START Data provided

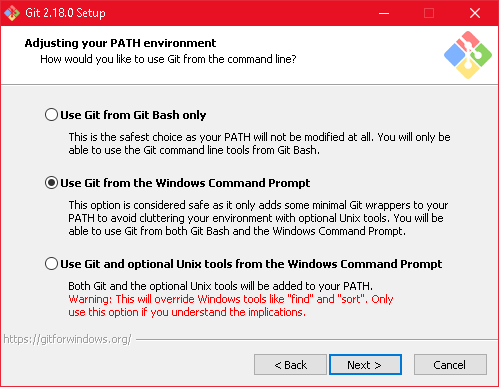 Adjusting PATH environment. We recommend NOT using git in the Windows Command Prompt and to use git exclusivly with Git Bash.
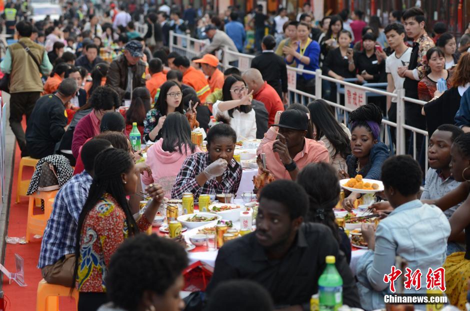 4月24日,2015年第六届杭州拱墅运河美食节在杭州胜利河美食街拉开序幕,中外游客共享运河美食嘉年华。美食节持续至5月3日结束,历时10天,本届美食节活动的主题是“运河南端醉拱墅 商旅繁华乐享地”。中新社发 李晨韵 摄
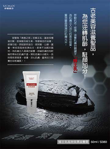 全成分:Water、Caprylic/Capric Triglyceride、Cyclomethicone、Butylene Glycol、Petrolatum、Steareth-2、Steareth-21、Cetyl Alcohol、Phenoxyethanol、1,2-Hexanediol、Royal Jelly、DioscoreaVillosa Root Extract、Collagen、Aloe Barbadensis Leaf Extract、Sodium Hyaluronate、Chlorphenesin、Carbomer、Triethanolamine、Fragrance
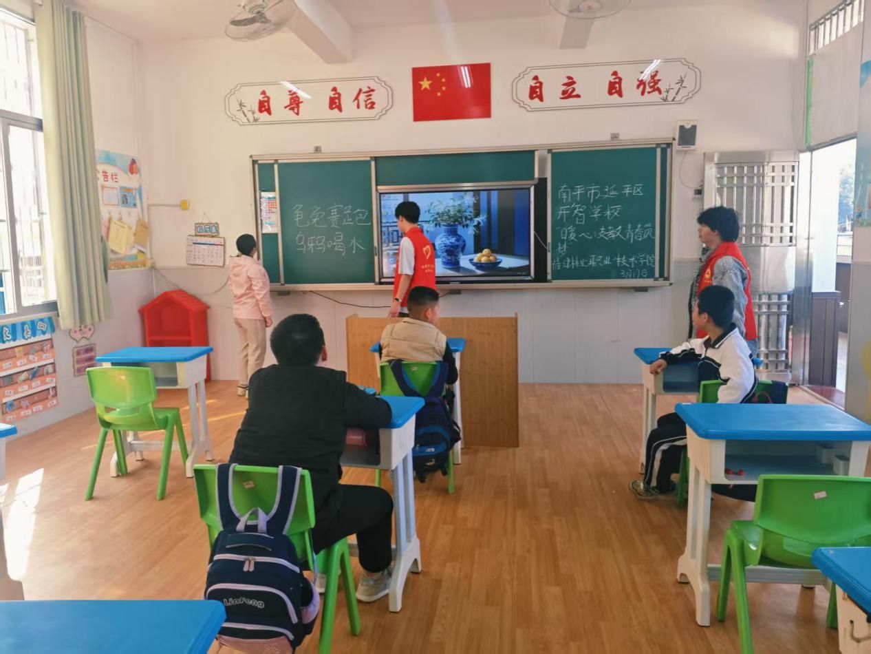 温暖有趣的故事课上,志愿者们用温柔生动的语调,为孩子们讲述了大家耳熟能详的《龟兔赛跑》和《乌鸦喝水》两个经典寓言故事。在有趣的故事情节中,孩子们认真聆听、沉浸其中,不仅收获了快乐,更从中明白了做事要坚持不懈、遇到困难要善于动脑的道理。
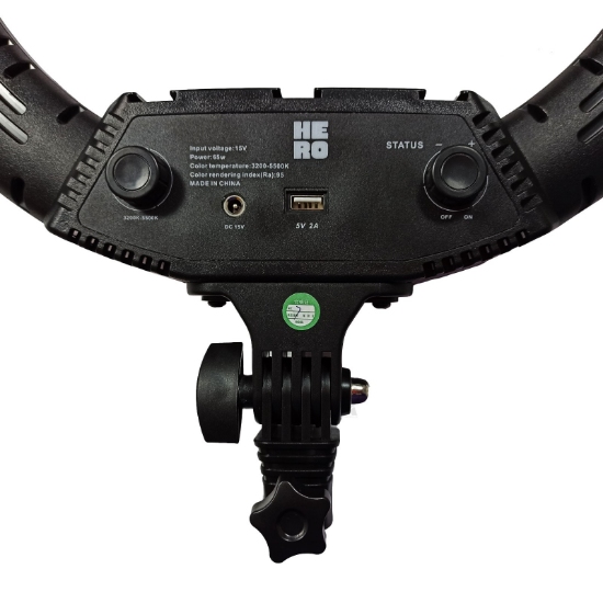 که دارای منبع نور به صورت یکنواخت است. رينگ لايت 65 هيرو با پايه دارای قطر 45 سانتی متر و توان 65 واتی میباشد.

END Data provided
START Data provided

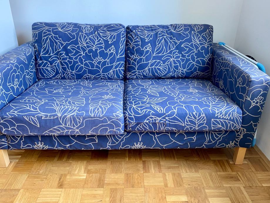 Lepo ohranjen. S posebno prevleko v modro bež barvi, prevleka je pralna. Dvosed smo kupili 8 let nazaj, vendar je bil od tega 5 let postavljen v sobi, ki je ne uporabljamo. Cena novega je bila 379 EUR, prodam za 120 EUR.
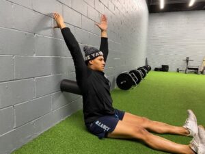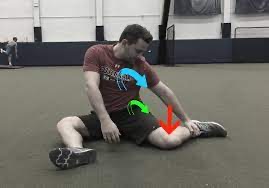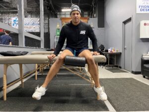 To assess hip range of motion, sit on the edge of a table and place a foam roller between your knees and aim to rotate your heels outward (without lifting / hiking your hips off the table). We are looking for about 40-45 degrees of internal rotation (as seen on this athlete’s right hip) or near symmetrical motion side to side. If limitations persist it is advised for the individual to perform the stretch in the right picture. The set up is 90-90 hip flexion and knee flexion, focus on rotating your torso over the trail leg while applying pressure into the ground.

END Data provided

Make an exact copy of the lines above, beginning with the line with "Adjusting PATH environment." and ending with the line with "که دارای منبع", and keep the pictures out of it.

[Written response]
 Adjusting PATH environment. We recommend NOT using git in the Windows Command Prompt and to use git exclusivly with Git Bash.
 4月24日,2015年第六届杭州拱墅运河美食节在杭州胜利河美食街拉开序幕,中外游客共享运河美食嘉年华。美食节持续至5月3日结束,历时10天,本届美食节活动的主题是“运河南端醉拱墅 商旅繁华乐享地”。中新社发 李晨韵 摄
 全成分:Water、Caprylic/Capric Triglyceride、Cyclomethicone、Butylene Glycol、Petrolatum、Steareth-2、Steareth-21、Cetyl Alcohol、Phenoxyethanol、1,2-Hexanediol、Royal Jelly、DioscoreaVillosa Root Extract、Collagen、Aloe Barbadensis Leaf Extract、Sodium Hyaluronate、Chlorphenesin、Carbomer、Triethanolamine、Fragrance
 温暖有趣的故事课上,志愿者们用温柔生动的语调,为孩子们讲述了大家耳熟能详的《龟兔赛跑》和《乌鸦喝水》两个经典寓言故事。在有趣的故事情节中,孩子们认真聆听、沉浸其中,不仅收获了快乐,更从中明白了做事要坚持不懈、遇到困难要善于动脑的道理。
 که دارای منبع نور به صورت یکنواخت است. رينگ لايت 65 هيرو با پايه دارای قطر 45 سانتی متر و توان 65 واتی میباشد.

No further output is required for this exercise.